The party and government emphasized that the tax law revision related to the July 10 real estate measures will be promptly processed in the July National Assembly. Floor leader Kim said, "Today's tax law revision includes various economic measures announced so far," and emphasized, "We will complete the real estate tax reform for stabilizing the housing market, including strengthening comprehensive real estate tax, capital gains tax, and corporate tax on multi-homeowners and corporations, in the July extraordinary session." Chairman Cho also said, "Real estate-related legislation must be promoted without delay," and "It is necessary to strengthen taxation to fundamentally block speculation through corporations."


In addition, they said they will promptly promote the expansion of credit card deductions and the extension of individual consumption tax reductions to stimulate domestic consumption.

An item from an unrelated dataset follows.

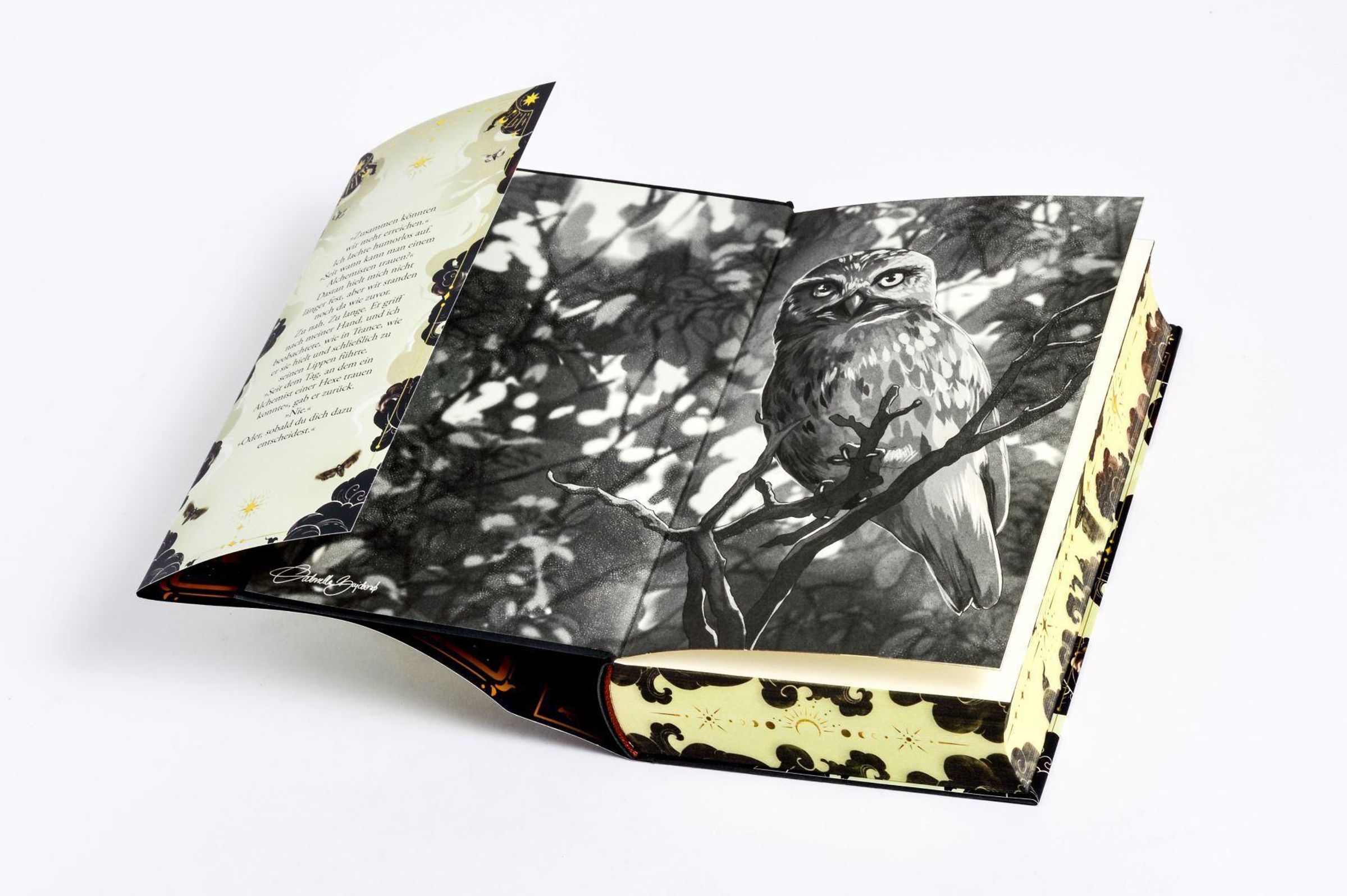 Durch die exklusive Hardcover-Ausstattung wird dieses Buch mit mehrfach veredeltem Wendeumschlag, tollen Illustrationen und exklusivem Farbschnitt in limitierter Erstauflage zu einem absoluten Schmuckstück im Regal! (Coverdesign @alexanderkopainski; illustrierter Wendeumschlag @imjenndove; Illustrationen @gabriella. bujdoso)

This tax law revision also includes measures to reduce the tax burden on low-income groups and small and medium-sized enterprises severely affected by COVID-19. Deputy Prime Minister Hong said, "Since the direct impact of COVID-19 damage is concentrated on low-income groups and SMEs, we will reduce their burden and strengthen tax support," emphasizing, "We want to focus on expanding the foundation for inclusion and coexistence. Revising VAT for the first time in 20 years is a representative example." Hong added, "The tax law revision attempts high-intensity support to promote consumption vitality and investment, as well as fundamental institutional improvements such as reducing securities transaction tax," and "We have worked on reducing the burden on vulnerable groups, strengthening tax support, and establishing a taxpayer-friendly tax system."



Experts emphasize that tax reform should focus on activating corporate investment rather than short-term economic stimulus from a long-term perspective. Professor Hong Woo-hyung of Hansung University’s Department of Economics said, "If the financial investment income deduction amount becomes excessively large, tax revenue may be short," adding, "Eventually, it will have to take the form of punitive taxation." Professor Sung Tae-yoon of Yonsei University’s Department of Economics said, "To overcome COVID-19, the focus should be on activating corporate investment rather than economic stimulus tax reform."


This content was produced with the assistance of AI translation services.